Data items

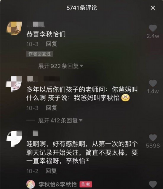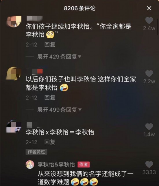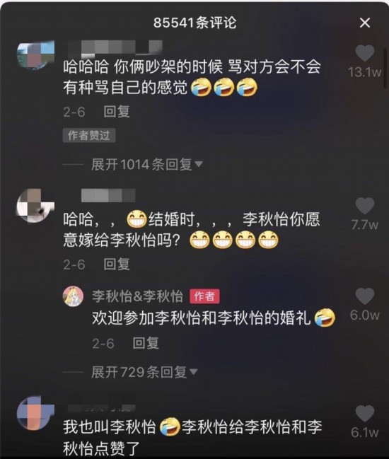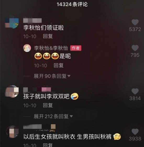 二人从相识到结婚的消息,不仅得到了父母的祝福,也得到了来自五湖四海网友们的庆贺。网友评论“这是要有多特别的缘分,才能让两个名字一样的人走到一起?”网友也调侃:“婚礼现场是不是得写:欢迎参加李秋怡&李秋怡的婚礼?”“以后吵嘴,是不是都像在说自己?”“以后孩子上学,母亲的名字该写谁呢?”甚至还有网友已经把两人孩子名字都取好了,“就叫李双双。”
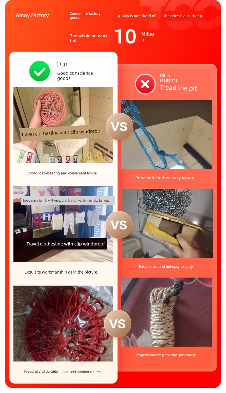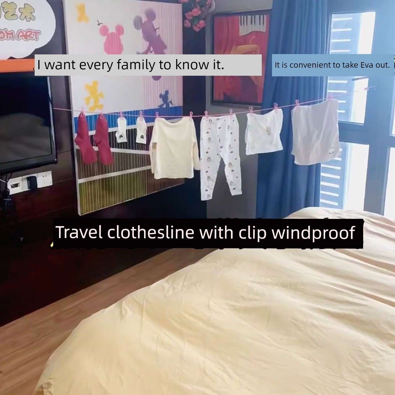 Stay organized wherever you go with our Portable Windproof Clothesline, designed for indoor and outdoor use at hotels, camps, or home. Why you'll love it: - Compact and Lightweight for Easy Travel. - Windproof Design Ensures Clothes Stay Secure. - Versatile Use for Indoor and Outdoor Settings. - Durable Material Built to Last. - Perfect for Tourists, Campers, and Homeowners. This premium clothesline is made from high-quality, durable materials that withstand the elements, ensuring your laundry stays put even on windy days. Its convenient design allows for easy setup in various settings, making it a must-have for your travels or everyday laundry needs. Simply stretch the clothesline between two points, clip your garments, and enjoy hassle-free drying. Perfect for those on the go or anyone needing a reliable drying solution at home. Don’t miss out on this essential travel accessory—grab yours today!
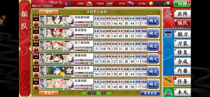 (以前都是用高等级极短横推一切,根本没注意)现在同样是打坚牢之乱,不用三倍,除了第一战和最后一战都是特,远战打得掉刀装就是一刀切;用了三倍,下面几个打裸装大太都只破皮,有刀装的大太更是刀装-1-1,只有药研打的动……
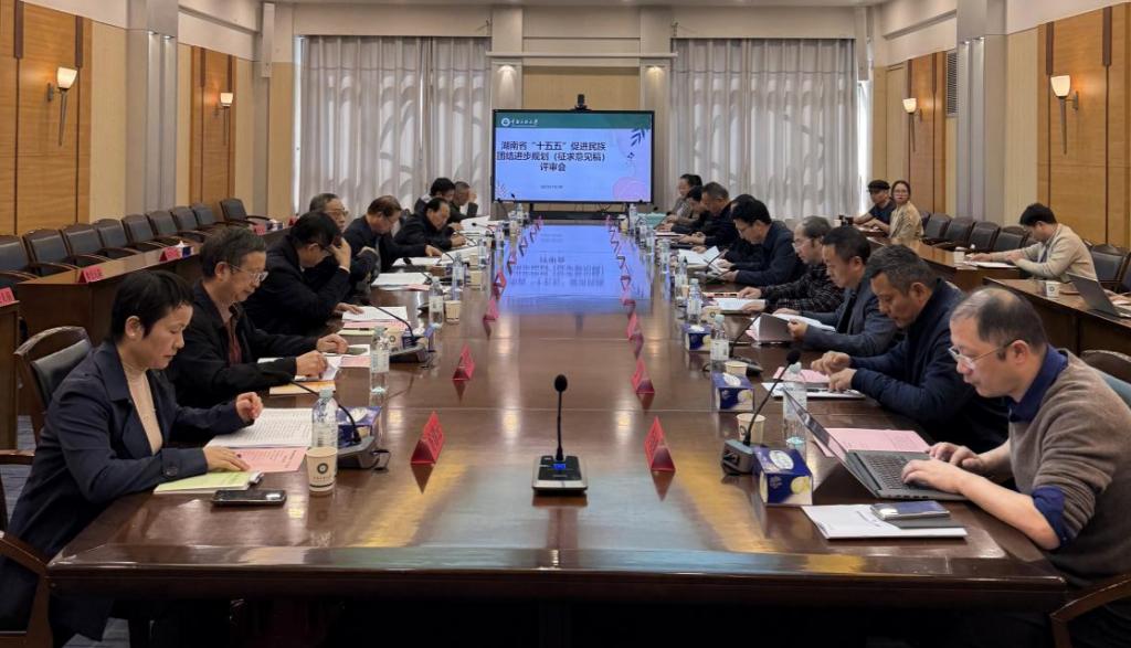 10月28日,湖南省“十五五”民族工作专项规划文本评审会在我校学术交流中心三楼三会举行,中国社会科学院近代史研究所研究员、全国政协第十三届委员会委员郑大华研究员,湖南省民族宗教事务委员会党组成员、副主任林彰良,以及我校党委常委、副校长方德斌教授,雷振扬教授、段超教授、姚上海教授、李吉和教授、李长中教授、李从浩教授、李学保教授、方清云教授、李海鹏教授、裴圣愚教授、叶慧教授,湖南省民宗委共同发展处处长唐志兵、副处长张斌、一级主任科员刘锋等出席会议。会议由校党委常委、副校长方德斌主持。
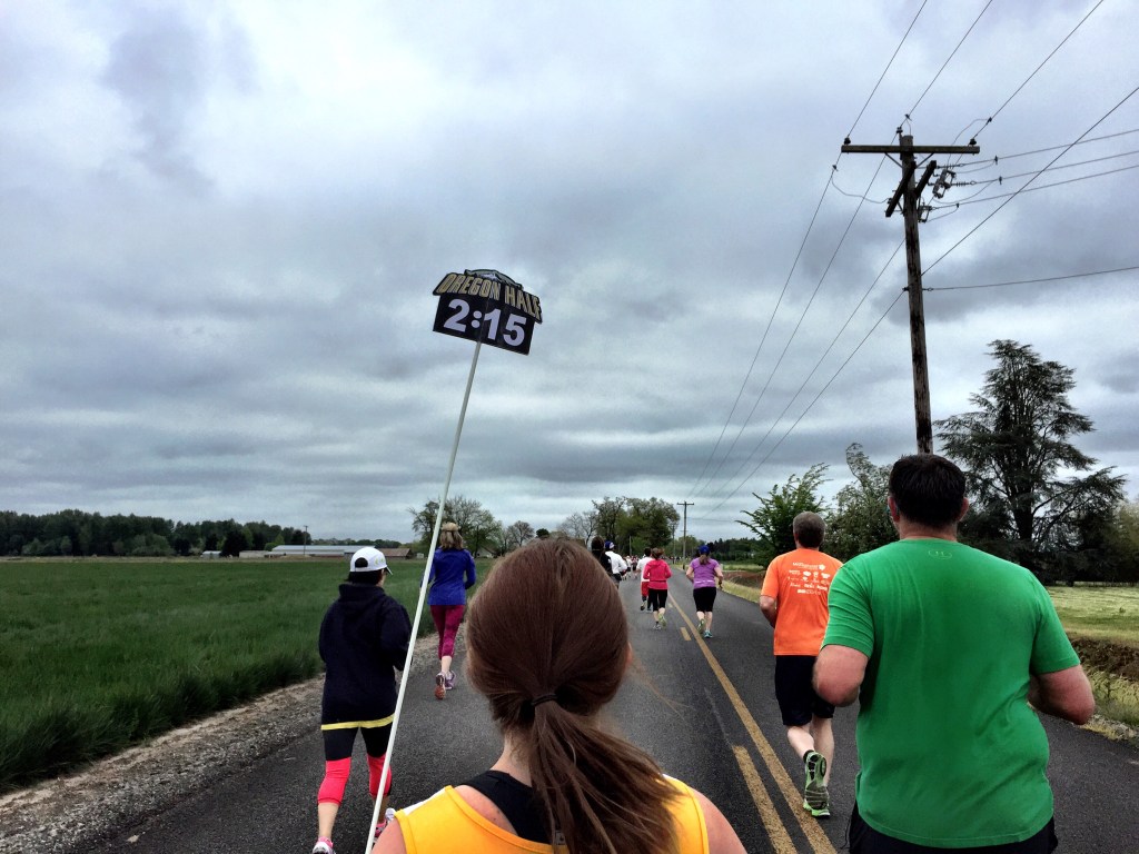 Here’s a pic of me with the pacing sign. I was helping pace 2:15.
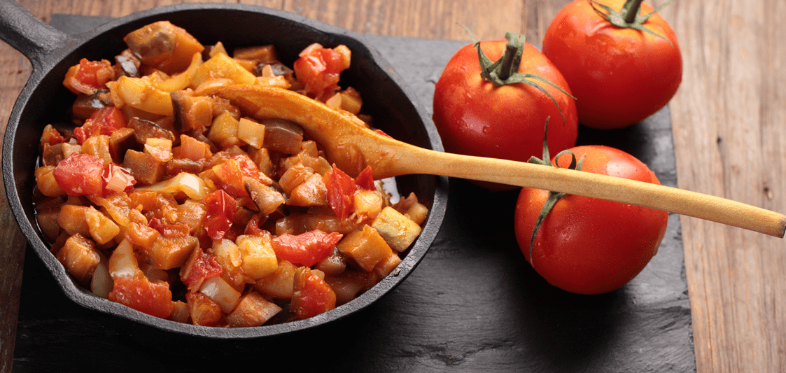 • Dans une poêle, ajoutez un filet d’huile d’olive et faites revenir les oignons. Une fois dorés, versez l’aubergine et laissez cuire pendant 15 min. Ajoutez ensuite la courgette pendant 10 min et terminez par la tomate.
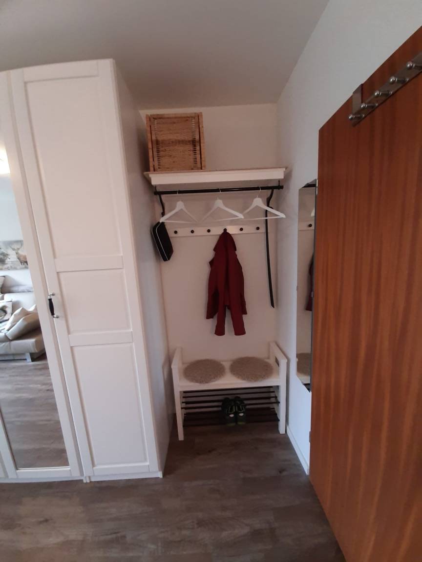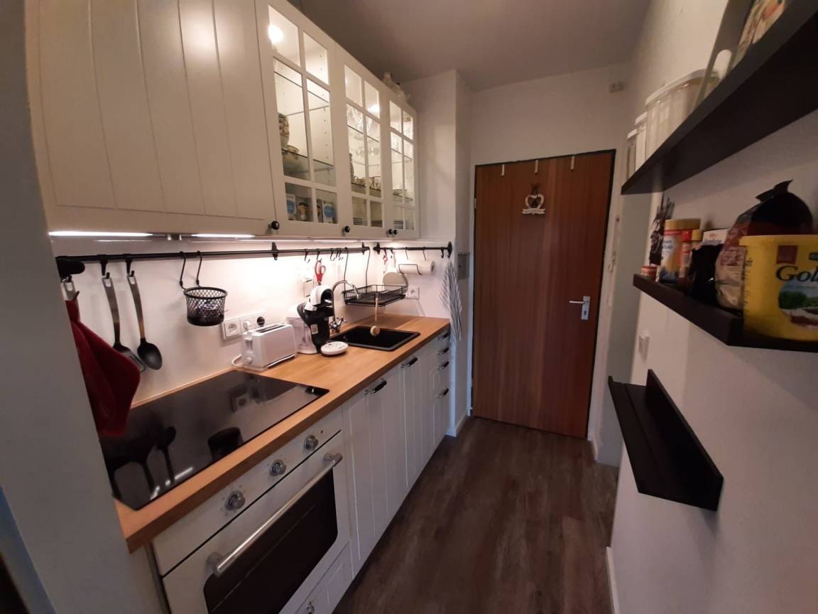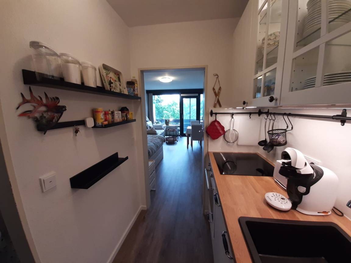 Die gemütliche und komfortable Einzimmer-Ferienwohnung verfügt über eine komfortable Küche mit Geschirrspüler, Herd und Backofen im Flur. Kühlschrank und Mikrowelle stehen neben der Essecke.
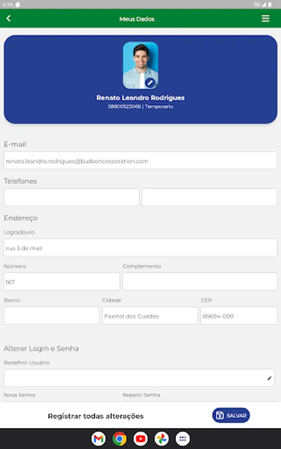 Within the application "Clube de Tiro Caça e Pesca Caramuru" it is possible to view the card of the
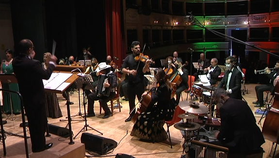 Sul palco con Santino Spinelli, probabilmente il più grande esponente della musica Rom in Italia, anche i figli Gennaro al violino solista, Giulia al violoncello ed Evedise all’arpa classica, le cantanti soprano Bianca D’Amore e Federica Serpente, e il tenore Nunzio Fazzini. Insieme gli artisti hanno dato vita a una celebrazione che ha raggiunto l’apoteosi nel momento sublime del canto lirico, sulle note di brani come Paquito e Romanò dives, una vera e propria elevazione della musica identitaria, quella romanì, a livello sinfonistico. Un concerto inclusivo che si muove oltre i confini etnici, che unisce molteplici stili che per la prima volta nella storia della musica occidentale si incontrano sul palcoscenico, e che in queste differenze trovano la loro massima esaltazione.
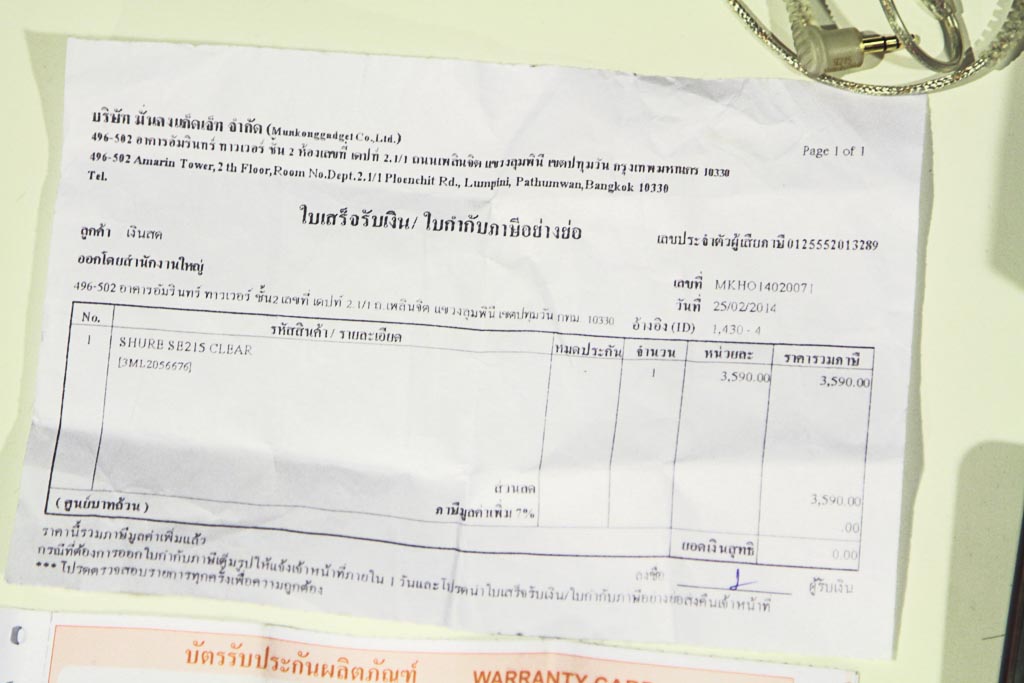 สิ่งที่จะได้รับ 1.กล่อง 2.จุกโฟม+ยางที่มากับแพคเกจ 3.ใบซื้อขายร้านมั่นคง 4.ใบประกันจากศูนย์ Shure
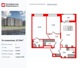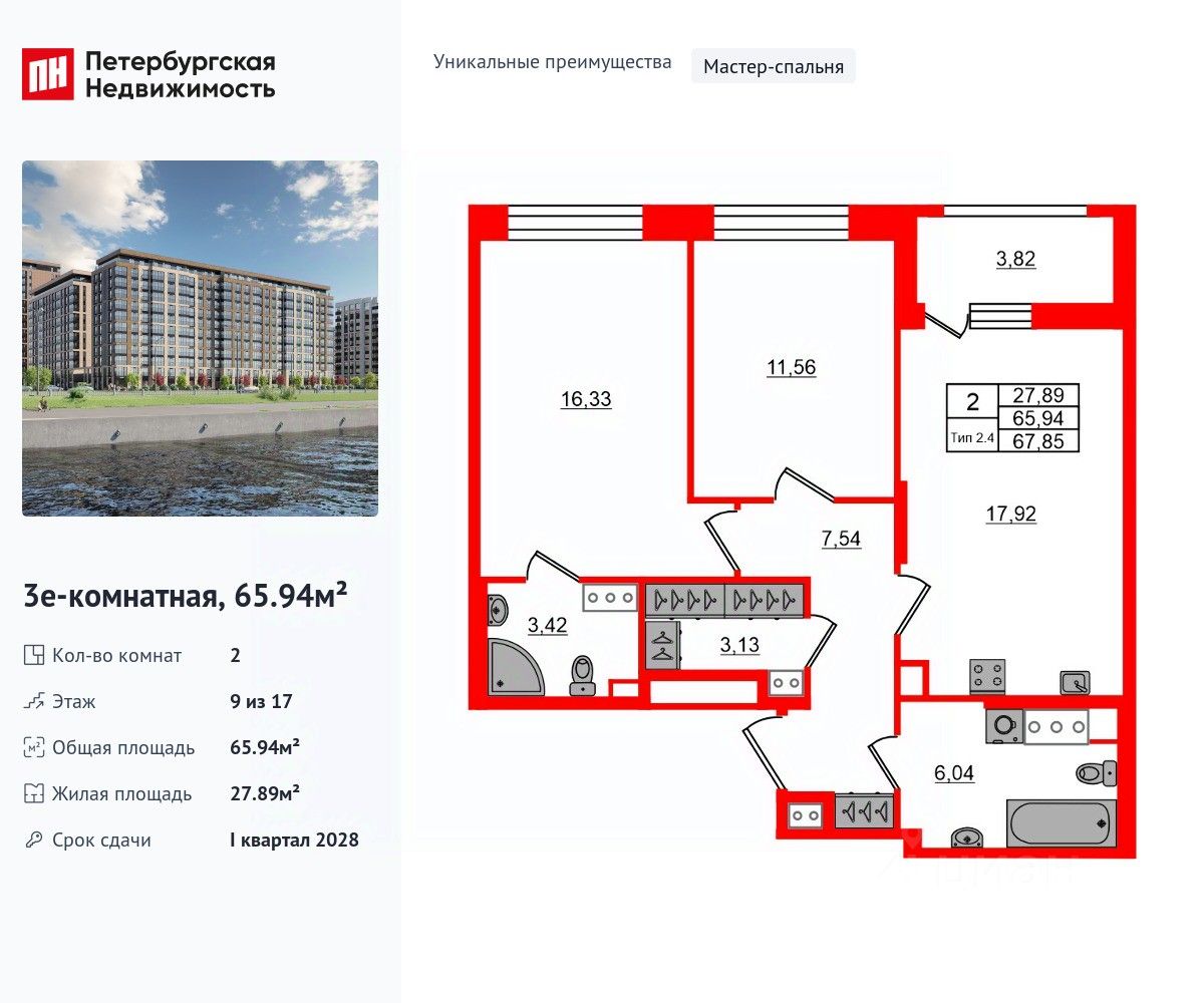 Уникальная, функциональная европланировка, большая кухня-гостиная 17.92 м², вместительная прихожая 7.54 м². Общая площадь квартиры - 65.94 м², жилая 27.89 м², высота потолка 2.77 м.

- _What you are asked to do_: Begin at the top of the records above and retype each line exactly until the line containing "(以前都是用高等级极短横推一", which is included. Skip all pictures.

- _Answer to this task_:
 二人从相识到结婚的消息,不仅得到了父母的祝福,也得到了来自五湖四海网友们的庆贺。网友评论“这是要有多特别的缘分,才能让两个名字一样的人走到一起?”网友也调侃:“婚礼现场是不是得写:欢迎参加李秋怡&李秋怡的婚礼?”“以后吵嘴,是不是都像在说自己?”“以后孩子上学,母亲的名字该写谁呢?”甚至还有网友已经把两人孩子名字都取好了,“就叫李双双。”
 Stay organized wherever you go with our Portable Windproof Clothesline, designed for indoor and outdoor use at hotels, camps, or home. Why you'll love it: - Compact and Lightweight for Easy Travel. - Windproof Design Ensures Clothes Stay Secure. - Versatile Use for Indoor and Outdoor Settings. - Durable Material Built to Last. - Perfect for Tourists, Campers, and Homeowners. This premium clothesline is made from high-quality, durable materials that withstand the elements, ensuring your laundry stays put even on windy days. Its convenient design allows for easy setup in various settings, making it a must-have for your travels or everyday laundry needs. Simply stretch the clothesline between two points, clip your garments, and enjoy hassle-free drying. Perfect for those on the go or anyone needing a reliable drying solution at home. Don’t miss out on this essential travel accessory—grab yours today!
 (以前都是用高等级极短横推一切,根本没注意)现在同样是打坚牢之乱,不用三倍,除了第一战和最后一战都是特,远战打得掉刀装就是一刀切;用了三倍,下面几个打裸装大太都只破皮,有刀装的大太更是刀装-1-1,只有药研打的动……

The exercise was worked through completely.